Recording a keyboard

Jake Johnson

New member
I'm new to recording keyboards and thus may have a very elementary question: Since the sound of a keyboard is partly dependent upon the size of the cones in the speakers, to get a good recording of the piano sound from a keyboard,is it best to mic the speakers, just as you mic a guitar?

Keyboards seem made to plug directly into a recorder, yet I get poor sound quality if I do this (or attach midi cables from the keyboard to my hard disk recorder).

What is the best way to get a good sound while attaching the keyboard directly to the recorder? (I'm wanting a good piano sound.)
 
Well I would suggest you this:

- If you have a sblive soundcard that supports SoundFonts, you can connect your key's midi OUT to your soundcard's midi IN. Later you can download or buy a good piano soundfont.

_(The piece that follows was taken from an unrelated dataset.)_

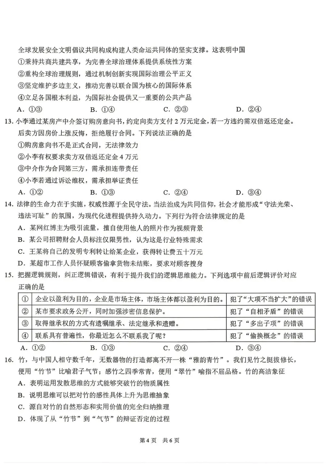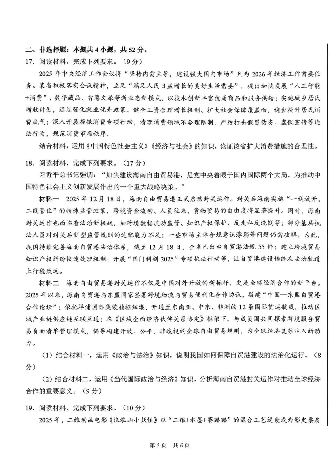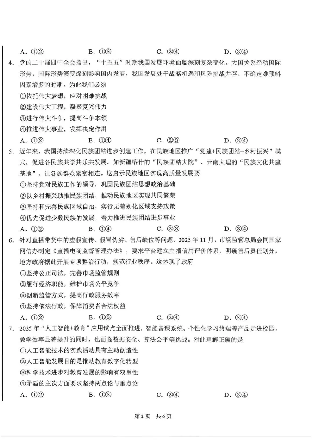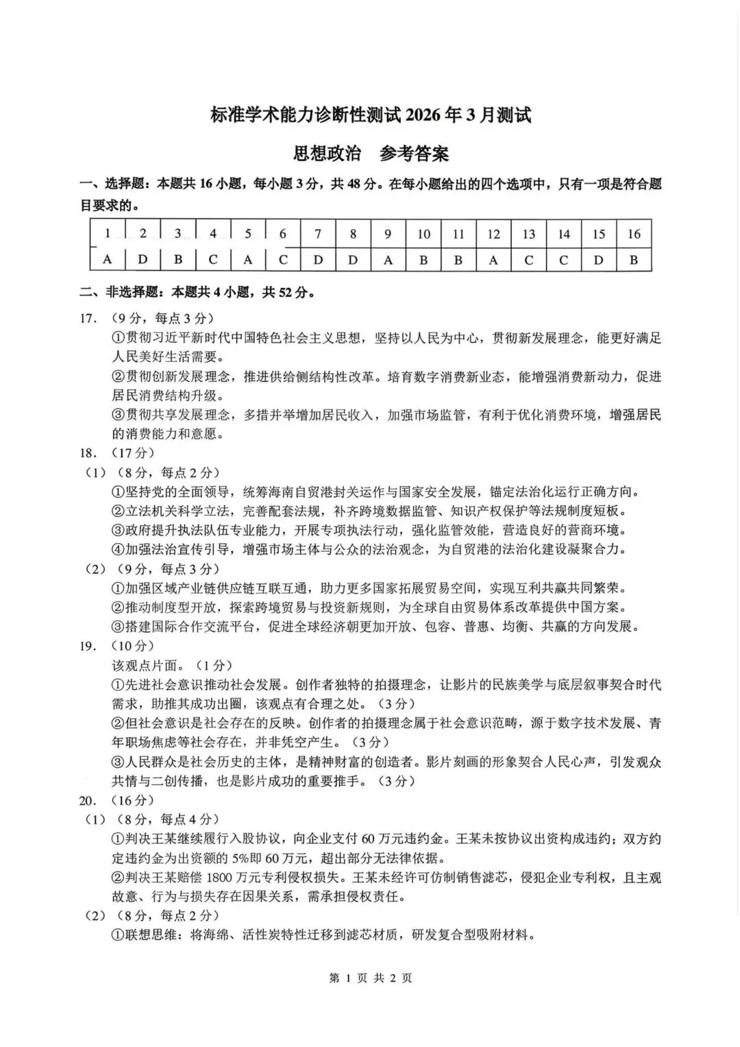 >【试卷】标准学术能力诊断性测试2026年3月政治试卷

You can use a midi editor like cakewalk to do this.
It's very simple and easy.

Good luck let me know if you need anything else.

- Javier
 
Usually the most direct route is best. I'm not aware of any advantage to recording the amp speaker beside the fact that it will produce a different sound. It will not be cleaner...but can pick up some room/live characteristics.
See what happens.
It may be that you are unhappy with the piano patch that your keyboard is producing and that no way of recording it will change that. Depending on what kind of keyboard you have, you may be able to edit the patch characteristics internally and create a sound you like better.
If not, you can record the MIDI/event data and then replace the sound source if possible, as Jake recommends.
 
This is something I'm passionate about.

I record keyboards all the time by miking my PA cabinet. If you have a keyboard amp they are great too. It IS a different sound and is more like the way you hear the keyboard. Going direct can be too clean and bland sometimes. However, if I record a digital acoustic-piano sound I usually go direct. It just depends. Electric piano, clav, organ, lead sounds, and any fat sounds are all fair game for miking. Speaker simulators can work great too. The bigger the speaker the better, a 15" woofer is the only way to hear the bass that synths are capable of. A minimoog or Virtual Analog synth through a pair of studio monitors is a joke, yet that's what how most keyboardist listen to them.

I have a Keyboard magazine from the 80's that has a roundtable discussion from many of the top producers about recording keyboards. Most of them talked about miking amps all the time. Yet, I will venture that very few keyboardists/home recorders' do that. They are missing out in my opinion.